## Activity
For this exercise, write out only the lines of the entries below from the one with "In this work, the" up to and including the one with "在战斗中,你的角色和敌方角色会根据 initiative( initiative)值依次行动。不过,即便你方拥有较高的", exactly as they are. Pictures stay out.

## Available data
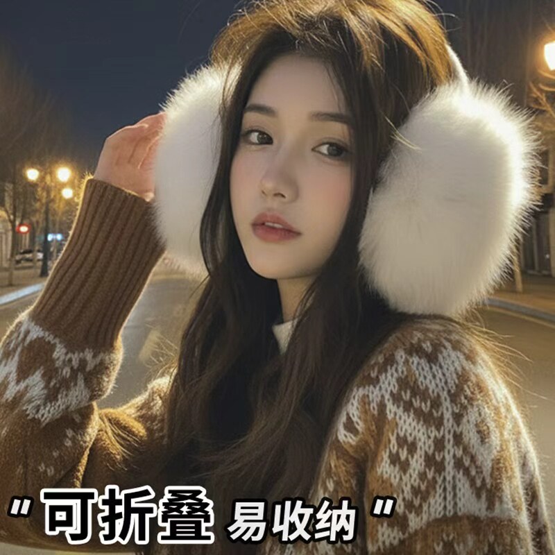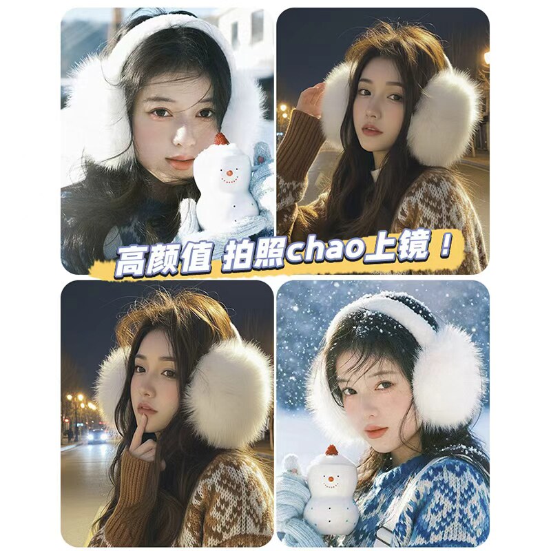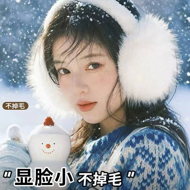 冬季氛围感白色毛绒绒耳罩保暖防寒可爱护耳耳捂女生户外骑行耳包
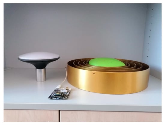 In this work, the low-cost simple RTK2B V1 GNSS board (~200 EUR) was used, which contains the dual-frequency ZED-F9P GNSS chip from u-blox [8,9]. The ZED-F9P can receive satellite signals in both frequencies (F1 (1575.42 MHz) and F2 (1227.60 MHz)) from all available satellite constellations [8]. In F1 frequency those devices can track L1 C/A, L1OF, E1, and B1l signals while in F2 frequency, L2C, L2OF, E5b, and B2l signals. The simple RTK2B V1 board was used in combination with the Survey calibrated low-cost antenna offered by Ardusimple (denoted as LC−1 below), which has a phase center error of 1 mm and known calibration parameters from NGS (Figure 1) [9]. Another simpleRTK2B V1 board was used in combination with a geodetic antenna (JAV_RINGANT_G3T) from the Javad manufacturer (San Jose, CA, USA) denoted as LC−2 below). We used a high-quality GNSS geodetic instrument as a reference, Leica GS18T receiver and LEISGS 18 antenna, denoted as GD−1 below (Wetzlar, Germany). The geodetic GNSS instrument was used for the comparison of GNSS data, as well as to determine the coordinates of all points (described below) that were used as reference values.
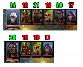 可以看出,在伤害方面,军事技艺的强化比武器掌握的强化,甚至两者同时强化的效果都要强。不过,这只有在你拥有某种额外加成(例如来自“力量”或“敏捷”)的情况下才成立。此外,还需要考虑武器掌握强化带来的精准度和暴击伤害倍率等额外加成。但是,再次强调:“如果选择军事路线,伤害数值会增长得更快”。 在战斗中,你的角色和敌方角色会根据 initiative( initiative)值依次行动。不过,即便你方拥有较高的 initiative,但如果己方队伍中有人的 initiative 更高——你方将在 initiative 最高的敌方角色之后行动。为了进行实验,我创建了6个角色,双方各3人。友方的 initiative 分别为22、21和20。敌方的 initiative 分别为19、18和17。行动顺序如下:你(22)-敌人(19)-你(21)-敌人(18)-你(20)-敌人(17)。例如,如果只有一个角色的 initiative(先攻值)为20,对抗三个先攻值分别为19、18和17的敌人,那么行动顺序将是:你(20)-敌人(19)-敌人(18)-敌人(17)。如何利用这一点,由你自己决定。
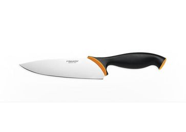 **Поварской нож (857111) ** Серия ножей Fiskars Functional Form является самой популярной коллекцией ножей Fiskars. Ножи Functional Form предназначены для повседневного использования на кухне. Но при этом разработчики сделали особый акцент на эргономичности, функциональных возможностях и безопасности. Лезвия выполнены из высококачественной японской стали твердостью 53 ед. по шкале С. Роквелла. Рукояти ножей имеют нескользящее покрытие Softouch. Эргономичная рукоять отлита под давлением прямо с лезвием, что гарантирует прочное и гигееничное соединение. Ножи можно мыть в посудомоечной машине. Дизайн Тобиаса Вандрупа и Эрика Торо Лауридсена получил приз за лучший дизайн Red Dot 2006. Лезвия легко точить с помощью роликовой точилки Fiskars или муссата. Традиционный кухонный нож с высоким лезвием для шинкования овощей и нарезания мяса. Лезвия выполнено из высококачественной японской стали твердостью 53 ед. по шкале С. Роквелла. Рукоять ножа имеет нескользящее покрытие Softouch и специальный упор для пальца, предотвращающий соскальзование руки. Нож можно мыть в посудомоечной машине. Лезвия легко точить с помощью роликовой точилки Fiskars или муссата. Вес — 89 гр. Длина — лезвия 160 мм.
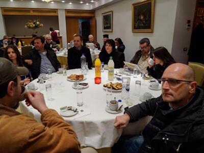 Με επιτυχία έγινε η κοπή της πρωτοχρονιάτικης πίτας 2016 του Γορτυνιακού Συνδέσμου Πατρών "ο Άγιος Γρηγόριος ο Ε'" την περασμένη Κυριακή 24/1 στο ξενοδοχείο PATRAS PALLACE. Παρευρέθη πλήθος Γορτυνίων και φίλοι των Γορτυνίων. Την πίτα ευλόγησε ο Σεβασμιότατος Μητροπολίτης Πατρών κ.κ. Χρυσόστομος. Παρέστησαν ο αντιπεριφερειάρχης κ. Αγγελόπουλος, οι βουλευτές κ. Νικολόπουλος, κ. Καστανιώτης και κ. Φωτήλας, ο πρώην βουλευτής και νομάρχης κ. Κατσικόπουλος, ο πρώην δήμαρχος κ. Καράβολας, ο δημοτικός σύμβουλος κ. Χριστόπουλος, ο πρόεδρος του επιμελητηρίου κ. Πλ. Μαρλαφέκας, η πρόεδρος των "Αρκάδων" κα Ανδρονοπούλου και ο πρόεδρος της ΔΕΥΑΠ κ. Κοντοές, οι οποίοι κόβοντας ένα κομμάτι πίτας έδωσαν τις ευχές τους. Επίσης, πίτα έκοψαν και ευχήθηκαν ο αντιπρόεδρος του συλλόγου, κ. Μέγας, καθηγητής ορθοπεδικής, και οι πρώην πρόεδροι κ. Θ. Δούρος, βιομήχανος, και κ. Γ. Κακούρης, ιατρός- πρόεδρος ιατρών νοσοκομείου Αγίου Ανδρέα. Μετά την κοπή έγινε η καθιερωμένη βράβευση επιτυχημένων Γορτυνίων της κοινωνίας της Πάτρας. Φέτος βραβεύθηκαν οι αδερφοί Ιωάννης- Κωνσταντίνος- Πλάτων Μαρλαφέκας, υιοί του αειμνήστου Παναγιώτη εκ ΜΑΡΚΟΥ Γορτυνίας. Παρέλαβαν από τον πατέρα τους μία οικογενειακή επιχείρηση (εταιρεία αναψυκτικών Λουξ) και με την εργατικότητα και της επιχειρηματικότητα τους την οδήγησαν σε μία Εθνικής εμβέλειας βιομηχανία, διαφημίζοντας την Πάτρα. Επισυνάπτεται σχετικός φάκελος φωτογραφιών.2) Με θλίψη ανακοινώνουμε τον αιφνίδιο θάνατο του Προέδρου του Δημοτικού Συμβουλίου Γορτυνίας Δημητρίου Παπασπηλίου εκ ΚΑΛΛΙΑΝΙΟΥ Γορτυνίας. Ο εκλιπών υπήρξε δραστήριο μέλος της τοπικής αυτοδιοίκησης, είχε διατελέσει Νομαρχιακός Σύμβουλος και πρώην Δήμαρχος στον πρώην Καποδιστριακό δήμο ΗΡΙΑΙΑΣ. 3) Η Μαρία Κολοβού- Ρουμελιώτη εκ ΠΟΥΡΝΑΡΙΑΣ, στον Πανελλήνιο διαγωνισμό 2015, για όλα τα είδη της λογοτεχνίας, της Πανελληνίου Έκδοσης Λογοτεχνών, ΒΡΑΒΕΥΤΗΚΕ στο είδος Νουβέλας για το έργο της "Στην κατακόμβη της σαρκός".
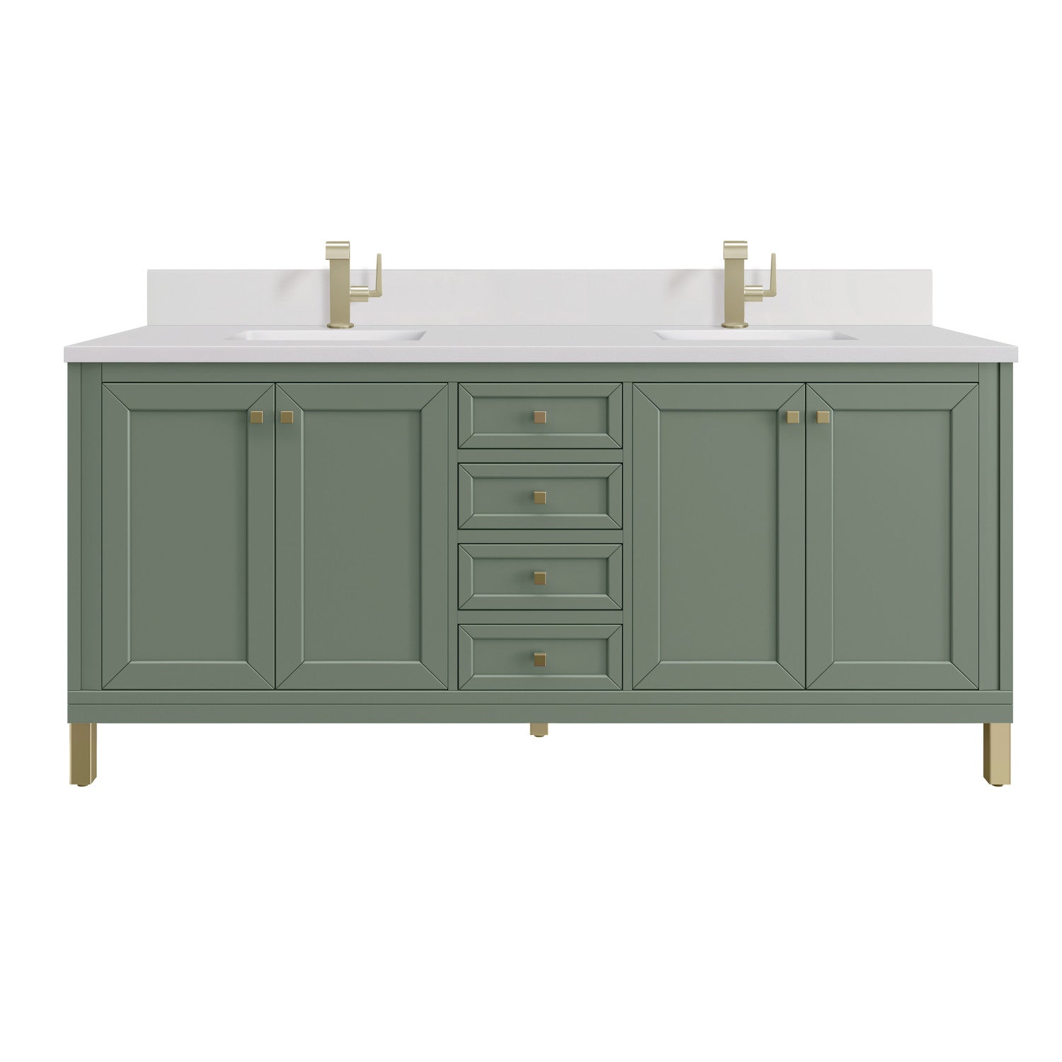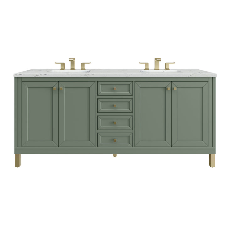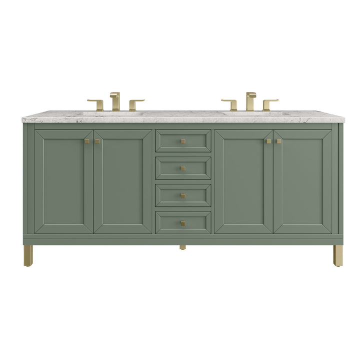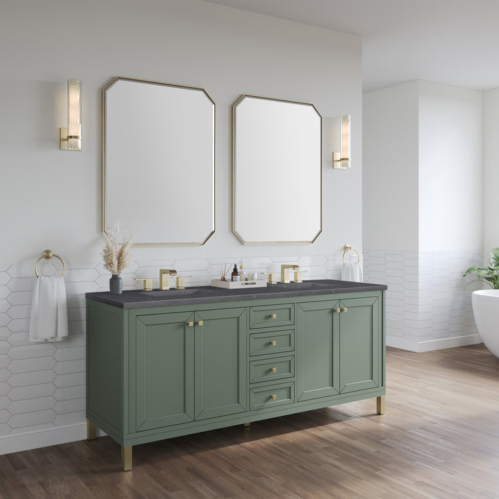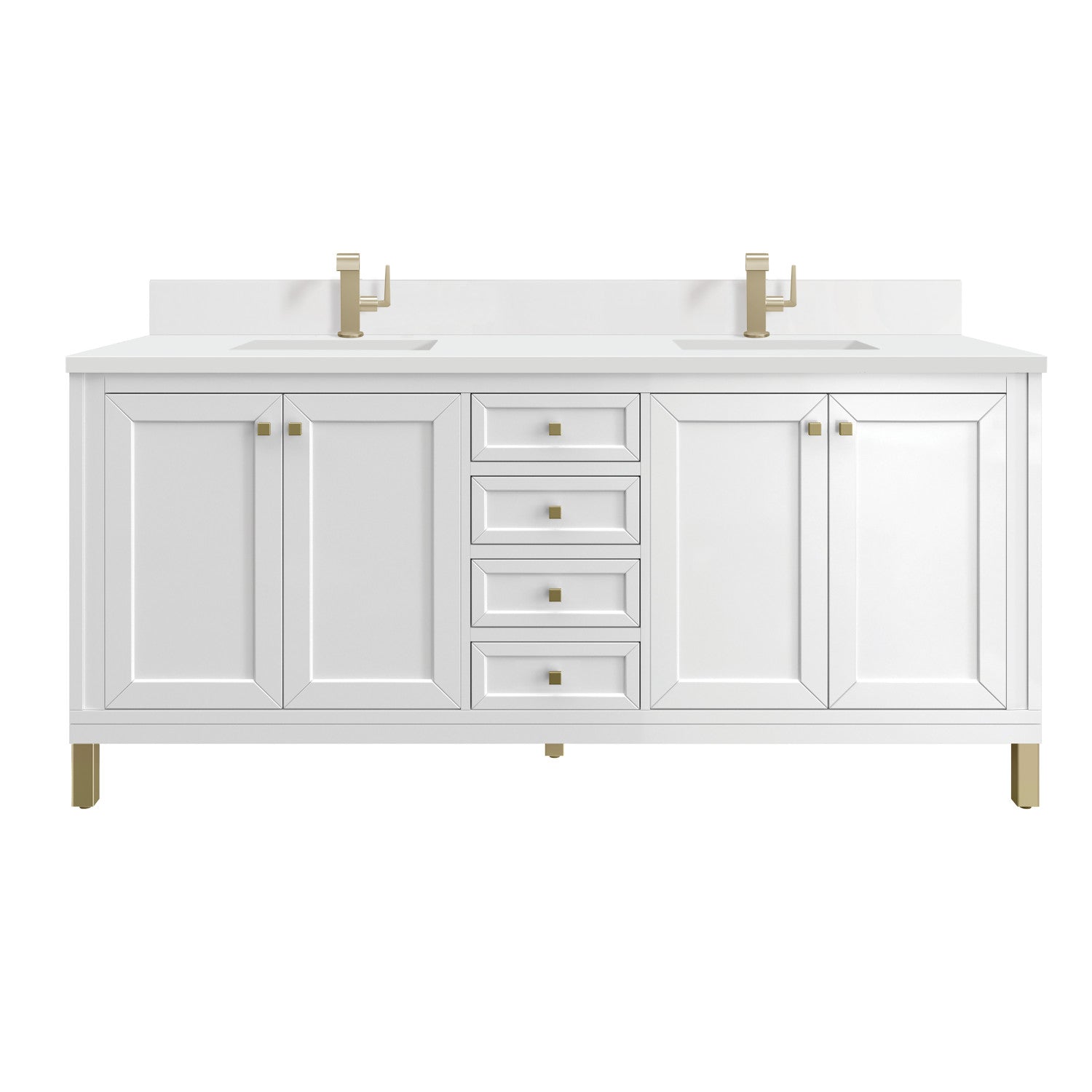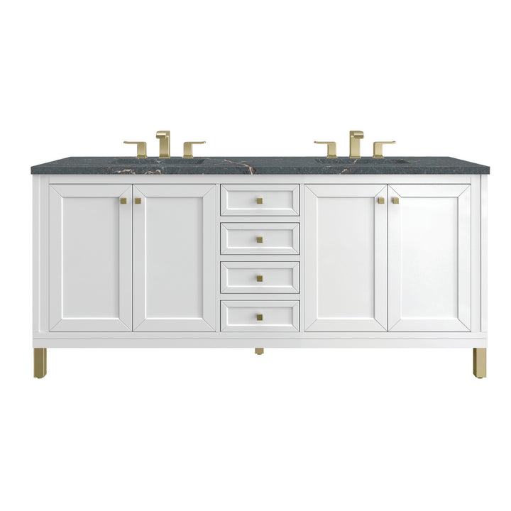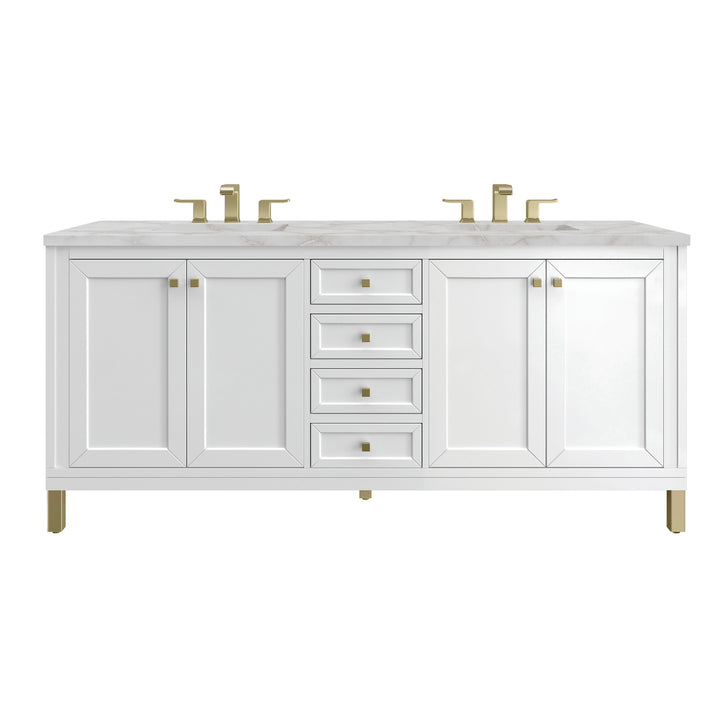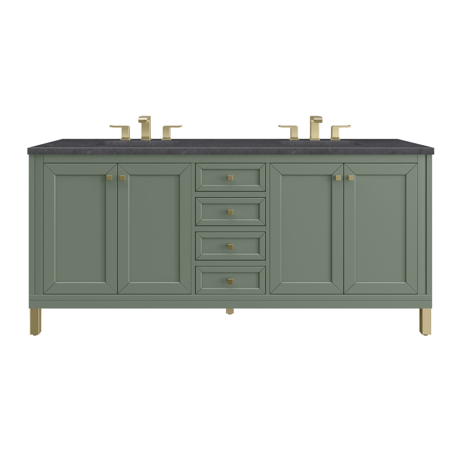 The sophisticated details and clean lines of the Chicago 72" Double Vanity by James Martin Vanities make it the perfect choice for any bathroom. Featuring a Glossy White, Smokey Celadon, or Walnut Whisper finish. This vanity offers ample storage with its two-door cabinet, adjustable interior shelf, and top-row tip-out drawer. Champagne Brass knobs and legs (in Glossy White, Smokey Celadon) or Satin Nickel knobs and legs (Walnut Whisper Only), or choose to forego the metal legs for a modern wall-mounted installation. Complete the look with one of our 3 cm tops.

## Written reply
 In this work, the low-cost simple RTK2B V1 GNSS board (~200 EUR) was used, which contains the dual-frequency ZED-F9P GNSS chip from u-blox [8,9]. The ZED-F9P can receive satellite signals in both frequencies (F1 (1575.42 MHz) and F2 (1227.60 MHz)) from all available satellite constellations [8]. In F1 frequency those devices can track L1 C/A, L1OF, E1, and B1l signals while in F2 frequency, L2C, L2OF, E5b, and B2l signals. The simple RTK2B V1 board was used in combination with the Survey calibrated low-cost antenna offered by Ardusimple (denoted as LC−1 below), which has a phase center error of 1 mm and known calibration parameters from NGS (Figure 1) [9]. Another simpleRTK2B V1 board was used in combination with a geodetic antenna (JAV_RINGANT_G3T) from the Javad manufacturer (San Jose, CA, USA) denoted as LC−2 below). We used a high-quality GNSS geodetic instrument as a reference, Leica GS18T receiver and LEISGS 18 antenna, denoted as GD−1 below (Wetzlar, Germany). The geodetic GNSS instrument was used for the comparison of GNSS data, as well as to determine the coordinates of all points (described below) that were used as reference values.
 可以看出,在伤害方面,军事技艺的强化比武器掌握的强化,甚至两者同时强化的效果都要强。不过,这只有在你拥有某种额外加成(例如来自“力量”或“敏捷”)的情况下才成立。此外,还需要考虑武器掌握强化带来的精准度和暴击伤害倍率等额外加成。但是,再次强调:“如果选择军事路线,伤害数值会增长得更快”。 在战斗中,你的角色和敌方角色会根据 initiative( initiative)值依次行动。不过,即便你方拥有较高的 initiative,但如果己方队伍中有人的 initiative 更高——你方将在 initiative 最高的敌方角色之后行动。为了进行实验,我创建了6个角色,双方各3人。友方的 initiative 分别为22、21和20。敌方的 initiative 分别为19、18和17。行动顺序如下:你(22)-敌人(19)-你(21)-敌人(18)-你(20)-敌人(17)。例如,如果只有一个角色的 initiative(先攻值)为20,对抗三个先攻值分别为19、18和17的敌人,那么行动顺序将是:你(20)-敌人(19)-敌人(18)-敌人(17)。如何利用这一点,由你自己决定。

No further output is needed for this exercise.